A shorter version of this review was first published in Songlines Magazine issue 152, November 2019.
Boomtown
Matterley Estate, near Winchester
7th-11th August 2019
Boomtown is madness and mania. It’s unlike any other festival I’ve ever been to.
While Boomtown is smaller than Glastonbury in terms of attendance and footprint, the sheer range of delights for the ears and eyes gives Pilton’s finest a close run. With 14 separate ‘districts,’ each with at least one main stage and many smaller and hidden stages totalling more than 100 venues overall, you’re never likely to end up with a gap in your schedule.
The bulk of the musical programming revolves around drum’n’bass, EDM, techno and other electronic music, but there’s plenty of other sounds for those that want it: on my wanderings I came across top-level death metal, grime, punk, hip-hop, soul and jazz of all colours, as well as the largest reggae stage in Europe, set within a huge, naturally-occurring amphitheatre provided by the picturesque South Downs. And of course, there’s more than enough to set a Songlines reader up for the weekend too.
Much like the rest of the line-up, Boomtown’s world music offerings were many and varied, from the mosh-fest of premier Gypsy punks Gogol Bordello who provided an electrifying retrospective headliner set, to San Salvador, the voice, drums and nothing else Occitan sextet who came fresh from two storming sets at WOMAD to a just-as-impressive show at Boomtown. Scottish folk was particularly well-represented all throughout the festival this year, and Talisk and Elephant Sessions gave a wonderful double-bill in a flame-heated medieval town square with back-to-back sets of pumping, clubland-inflected instrumental folk that got the crowd rowdier than any of the electronic stages.

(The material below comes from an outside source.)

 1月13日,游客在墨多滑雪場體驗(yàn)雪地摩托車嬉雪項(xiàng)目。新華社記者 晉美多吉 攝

On the Sunday afternoon, it was Grace Petrie’s turn to blow the crowd away. With her mix of English folk and singer-songwriter roots with a punk attitude, her ultra-political songs in defence of butch lesbians, transfolk, the welfare state and the young and angry (and against the Tories and all their works) gave visions of a millennial’s Billy Bragg. With a stand-up’s wit and defiant but cautiously optimistic lyrics, her set prompted tears, fury and joy from this reviewer. Other highlight sets included Asian overground pioneers Asian Dub Foundation, dub-soaked jazzwoman Nubya Garcia and Soweto’s hottest BCUC – I also spent a particularly glorious 3am submerged in the festival’s psytrance forest curated by Bristol’s Tribe of Frog.

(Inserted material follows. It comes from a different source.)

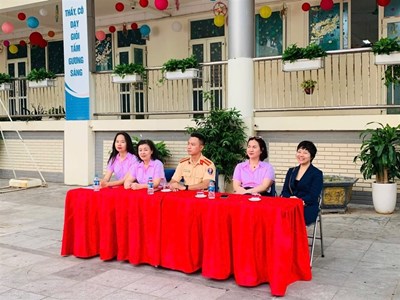 Đặc biệt, nhà trường vinh dự được đón tiếp Thiếu tá Nguyễn Ngọc Vũ – cán bộ Đội Cảnh sát Giao thông đường bộ số 6 đến chia sẻ với các em học sinh. Thông qua những câu chuyện thực tế và lời khuyên thiết thực, Thiếu tá đã giúp các em nhận thức rõ hơn về các nguyên tắc an toàn khi tham gia giao thông, từ việc sang đường đúng luật đến việc đội mũ bảo hiểm khi đi xe đạp điện.

You can have an amazing five days of festival entirely absorbed in the brilliant and varied musical line-up that Boomtown has to offer. But if you do, you’ll barely be experiencing half of it. Because Boomtown isn’t just a festival, it’s an entire immersive universe.
The Boomtown storyline has been developing for 11 ‘chapters’ (years) now, with an evolving plot of political wrangling, internal tensions and, this year, the presence of an unsettlingly benevolent AI overlord. This story is not just a vague, hinted-at theme though, but a full-blown, interactive theatre piece spanning every district and the whole weekend.
Every district is fully built-up from amazingly detailed sets – there’s a Wild West town, a medieval/pirate area, an opulent rich-kids’ playground, a huge and gritty downtown with all manner of dystopian inner-city architectures and more. They’re not just soulless façades either; they’re packed with interesting nooks and crannies and intriguingly unmarked doors that can lead you to a raucous Irish pub, or maybe a sophisticated burlesque show or an extremely loud techno club made from an old caravan with a shoulder-to-shoulder capacity of ten. The whole thing is a masterclass of maze-making. Each area is populated by scores of actors acting out in-depth plots relevant to their district – I was particularly engrossed in the saga of the American Old West-style Copper County, which saw town drunk Willie elected by festival-goers to the rank of mayor, only to go mad with power and set up roving vigilante gangs to rough up his political opponents and former allies.
There are so many layers to it. Not only are there the surface stories happening around you, but if you talk to the right characters and ask the right questions, you will get directions and codewords and other interesting folks to meet, uncovering a vast, under-the-surface conspiracy that brings together every aspect of the festival’s lore in one. It’s dizzying in its scale. Just as you can spend the entire festival without touching the more fanciful elements at all, you could easily leave having seen no music but still had an intensely profound five-day experience.
I’ve been to many festivals in my life and seen so much amazing music at them, but my first visit to Boomtown this year will stay with me for a long time. The music was brilliant, undoubtedly, but when it’s experienced in conjunction with an entire reality-bending story, it becomes much more than a music festival, but a wonderful, self-contained world. It’s madness, but I can’t wait to go back.
Photo: Boomtown's epic reggae stage, The Lions Den, by Scott Salt.